== Exercise data ==
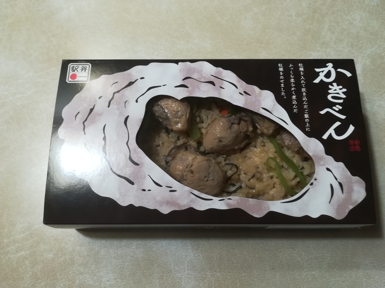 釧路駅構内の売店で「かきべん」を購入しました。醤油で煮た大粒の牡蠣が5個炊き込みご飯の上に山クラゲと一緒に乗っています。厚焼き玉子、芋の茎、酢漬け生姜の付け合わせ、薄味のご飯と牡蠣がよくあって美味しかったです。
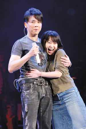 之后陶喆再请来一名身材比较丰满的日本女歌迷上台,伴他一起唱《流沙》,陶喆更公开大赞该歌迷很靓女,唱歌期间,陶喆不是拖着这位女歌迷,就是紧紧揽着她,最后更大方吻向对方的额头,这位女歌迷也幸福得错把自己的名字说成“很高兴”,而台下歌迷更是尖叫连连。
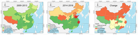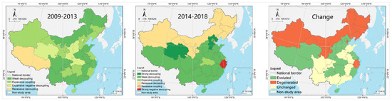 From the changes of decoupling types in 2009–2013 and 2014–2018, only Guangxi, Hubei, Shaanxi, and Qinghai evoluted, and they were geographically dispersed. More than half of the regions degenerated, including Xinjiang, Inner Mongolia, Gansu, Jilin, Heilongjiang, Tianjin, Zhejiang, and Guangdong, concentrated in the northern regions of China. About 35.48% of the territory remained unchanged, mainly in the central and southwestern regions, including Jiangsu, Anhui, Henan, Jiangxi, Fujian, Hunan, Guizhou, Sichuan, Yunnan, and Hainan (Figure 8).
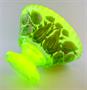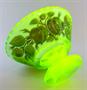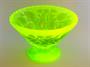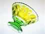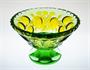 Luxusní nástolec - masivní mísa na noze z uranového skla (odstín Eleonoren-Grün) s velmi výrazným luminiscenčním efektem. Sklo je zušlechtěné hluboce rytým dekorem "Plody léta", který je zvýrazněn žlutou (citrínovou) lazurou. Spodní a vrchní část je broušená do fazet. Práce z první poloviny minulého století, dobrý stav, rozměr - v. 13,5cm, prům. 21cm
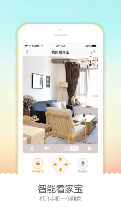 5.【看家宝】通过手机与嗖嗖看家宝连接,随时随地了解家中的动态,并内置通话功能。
===
== Exercise data ==
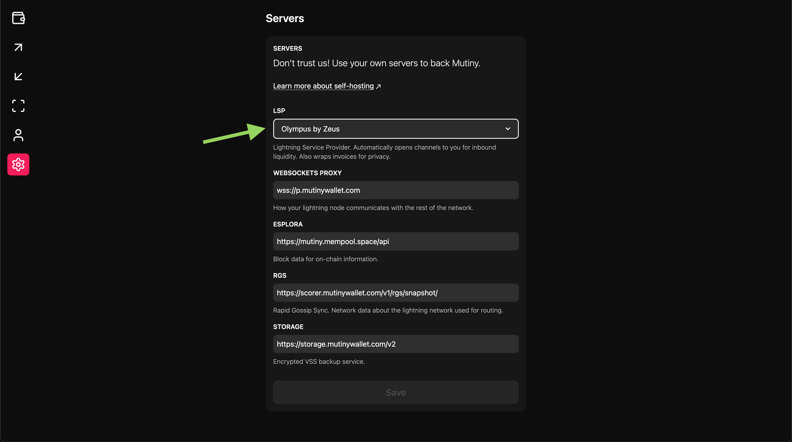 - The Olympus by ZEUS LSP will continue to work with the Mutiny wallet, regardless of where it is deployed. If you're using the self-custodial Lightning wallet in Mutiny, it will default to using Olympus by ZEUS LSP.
===
== Exercise data ==
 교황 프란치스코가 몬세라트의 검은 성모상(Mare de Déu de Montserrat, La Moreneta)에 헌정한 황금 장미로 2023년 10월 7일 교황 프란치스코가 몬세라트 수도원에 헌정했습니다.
===
● Exercise requirements:
From the records above, copy exactly the lines starting at the one with "Luxusní nástolec - masivní" and ending at the one with "5.【看家宝】通过手机与嗖嗖", and no others. Pictures stay out.

● Response to the exercise:
 Luxusní nástolec - masivní mísa na noze z uranového skla (odstín Eleonoren-Grün) s velmi výrazným luminiscenčním efektem. Sklo je zušlechtěné hluboce rytým dekorem "Plody léta", který je zvýrazněn žlutou (citrínovou) lazurou. Spodní a vrchní část je broušená do fazet. Práce z první poloviny minulého století, dobrý stav, rozměr - v. 13,5cm, prům. 21cm
 5.【看家宝】通过手机与嗖嗖看家宝连接,随时随地了解家中的动态,并内置通话功能。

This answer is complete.